Attitude vs Academic ResultsMay 3, 2021 2021-05-13 0:55
Attitude vs Academic Results
Attitude vs Academic Results
This tweet by Ben Cichy, a former NASA engineer, is still making its rounds today more than a year after he first posted it. While it gives hope to students and graduates, what does it really mean to students and employers?
Is it still important or worthwhile for students to take school seriously? Or is it enough to have a good attitude for career success?
A more important question to consider is: which is more important to employers when selecting graduate candidates – a good attitude or good academic performance?
Talentbank’s survey of 196 employers in (2020) found most of the key recruitment metrics employers placed a lot of emphasis on were not related to academic achievement. In fact, a whopping 92.44% of them valued attitude more while only 7.56% of them emphasised academic achievement.
A graduate’s attitude includes the way he or she thinks and views the world. This will express itself in how well he or she does her work, relates to others, handle pressure, respond to authority and other matters related to work. As an employee, attitude affects not only individual work performance, it can have a big impact on employee morale in the company too.
Having a good attitude will enable graduates to thrive in the workplace. Conversely, poor attitudes will lead them to perform more poorly at work. It can also be a morale buster as employees with poor attitudes can cause others within a company to be demotivated, which can affect their performance.
Some might argue that these points are just perceptions and personal bias, perhaps even due to perceived generation gaps in companies. Is there evidence to support the view of employers who prefer to hire based on a graduate’s attitude rather than based on academic achievements?
In fact, a study by International Islamic University Malaysia revealed that employees CGPA level does not automatically translate into equivalent job performance. The implication was that companies needed to look beyond academic excellence when considering candidates. This is because graduates who could be high-performing candidates may be missing out on employment opportunities if academic achievements were the primary criteria.

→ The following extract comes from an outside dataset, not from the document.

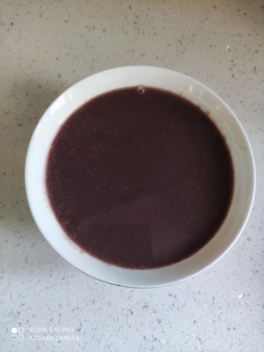 满满一把黑米,一小把糯米,一小把黑芝麻,两颗红枣,两个核桃。加水到豆浆机上限。没有黑枸杞和桑葚的黑米糊,今天浓度刚好。

In a US study of 20,000 new hires in the US revealed that 46% of them failed within 18 months, and 89% of the time it was because of poor attitudes, such as a lack of coachability, as well as low levels of emotional intelligence, motivation and temperament. Only 11% of failed new hires were due to lack of technical skills required for the job.
The attitude of a graduate not only has an effect on their career when they enter the employment market, it has an impact on their performance even while they are in university.

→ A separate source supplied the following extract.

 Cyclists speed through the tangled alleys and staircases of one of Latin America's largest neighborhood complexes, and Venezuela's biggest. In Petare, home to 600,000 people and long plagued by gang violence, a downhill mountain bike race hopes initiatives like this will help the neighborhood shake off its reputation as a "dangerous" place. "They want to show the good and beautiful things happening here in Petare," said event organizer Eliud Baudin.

A study by Universiti Putra Malaysia found that students’ attitudes and motivation was strongly related to academic performance. Having a positive attitude correlated to having better academic achievements. However, the study also found that the environment played a role in the students’ achievement motivation. The study recommended that instructors also focus on helping students make changes in behaviours and attitudes so that they can succeed both in the classroom as well as in the workplace after they graduate.
These studies indicate that hiring for attitude is indeed important for businesses. In the challenging business environment today, employers will be looking to hiring people who will have the right attitudes, in order to build a team that can help businesses remain resilient and sustainable.
As such, it’s in the interest of all parties to support students and graduates in developing the positive attitudes and soft skills that will make them highly employable and have a thriving career.